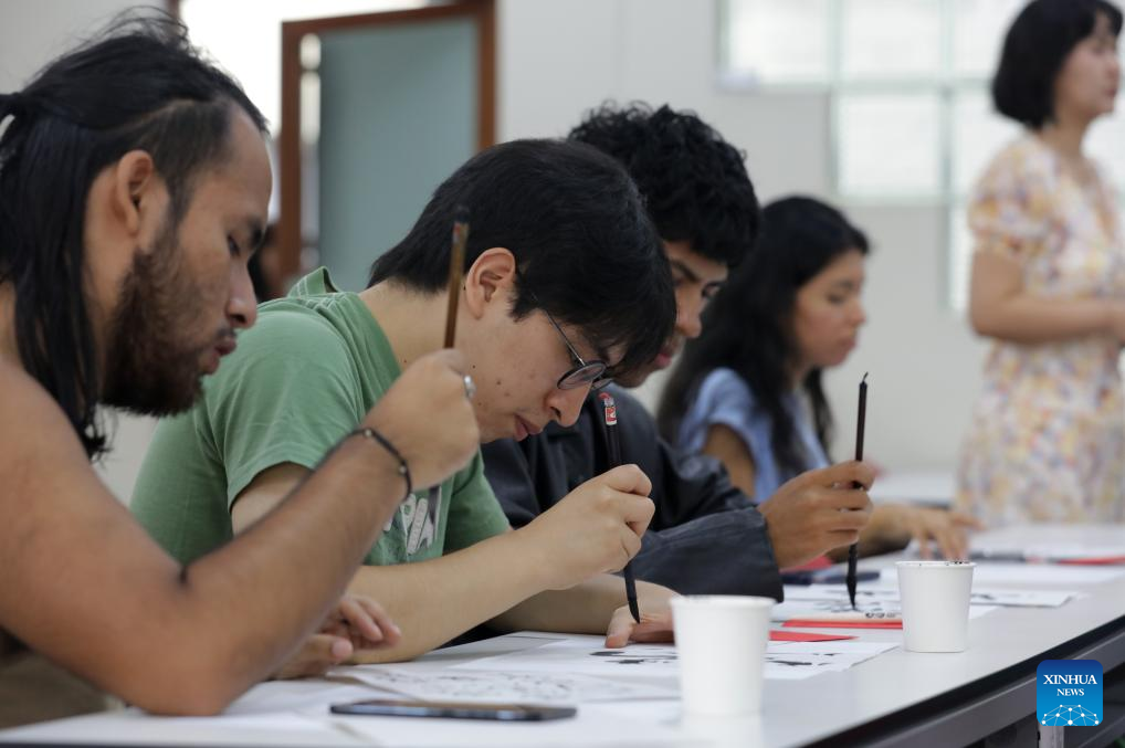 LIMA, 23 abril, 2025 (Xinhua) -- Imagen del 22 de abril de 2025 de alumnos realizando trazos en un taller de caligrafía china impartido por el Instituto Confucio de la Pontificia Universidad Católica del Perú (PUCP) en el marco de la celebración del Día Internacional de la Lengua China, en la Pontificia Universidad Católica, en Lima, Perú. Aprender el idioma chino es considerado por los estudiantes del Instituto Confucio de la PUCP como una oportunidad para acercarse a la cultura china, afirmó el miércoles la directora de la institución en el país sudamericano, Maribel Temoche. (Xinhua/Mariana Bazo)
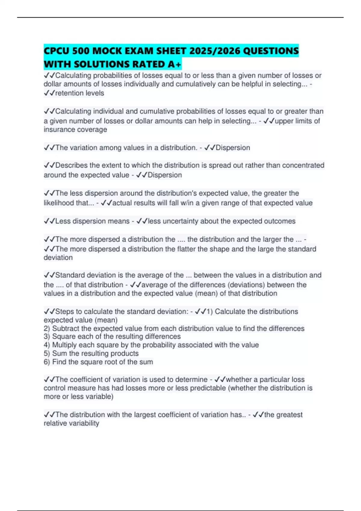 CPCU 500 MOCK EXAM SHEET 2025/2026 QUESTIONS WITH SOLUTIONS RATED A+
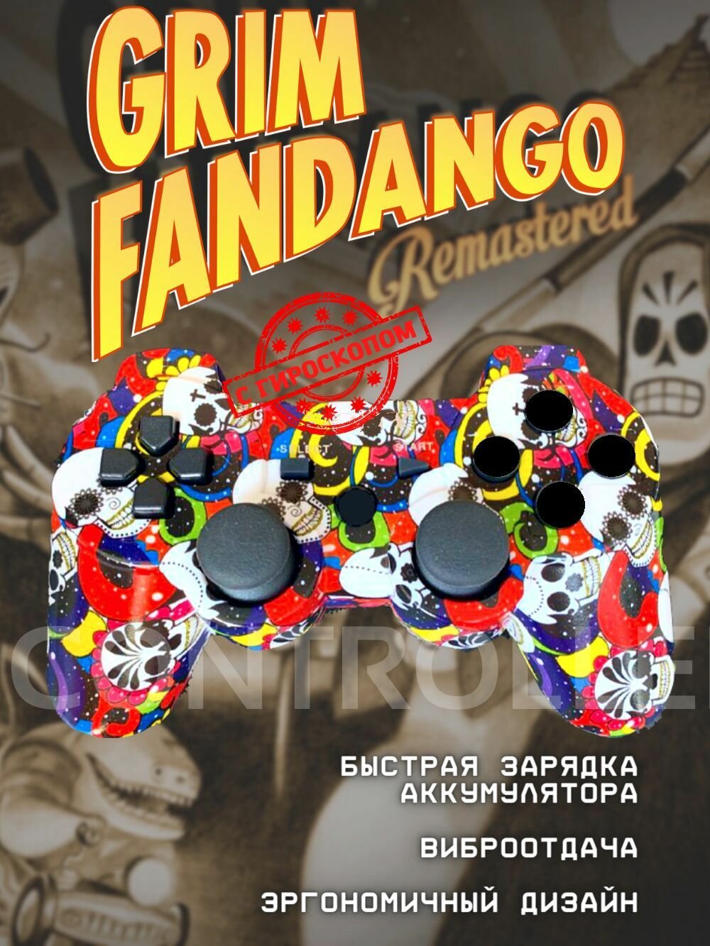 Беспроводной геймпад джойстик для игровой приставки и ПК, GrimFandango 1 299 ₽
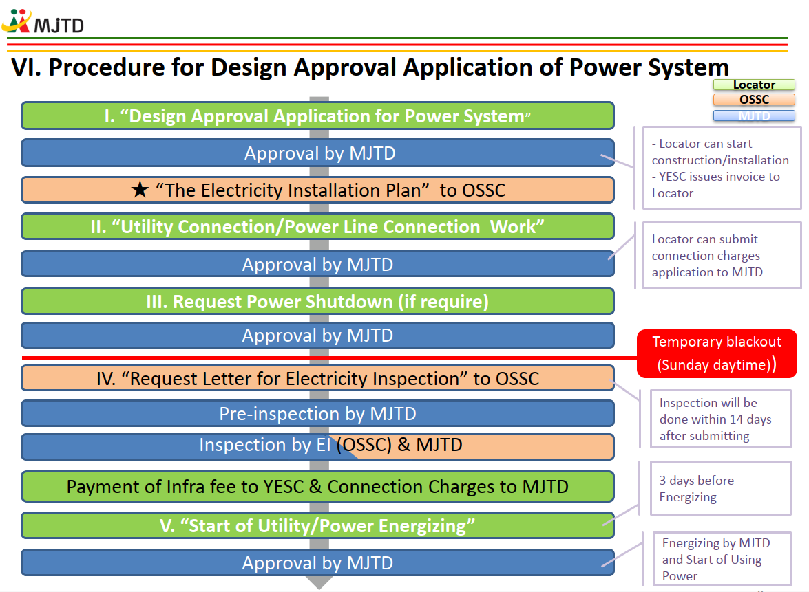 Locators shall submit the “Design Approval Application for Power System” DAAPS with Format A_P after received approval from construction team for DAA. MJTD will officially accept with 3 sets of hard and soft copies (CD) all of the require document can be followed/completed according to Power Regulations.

**Required work**
Your answer should be the lines above from the one that contains "Беспроводной геймпад джойстик" through the last, set down exactly, with the pictures removed.

**Response**
 Беспроводной геймпад джойстик для игровой приставки и ПК, GrimFandango 1 299 ₽
 Locators shall submit the “Design Approval Application for Power System” DAAPS with Format A_P after received approval from construction team for DAA. MJTD will officially accept with 3 sets of hard and soft copies (CD) all of the require document can be followed/completed according to Power Regulations.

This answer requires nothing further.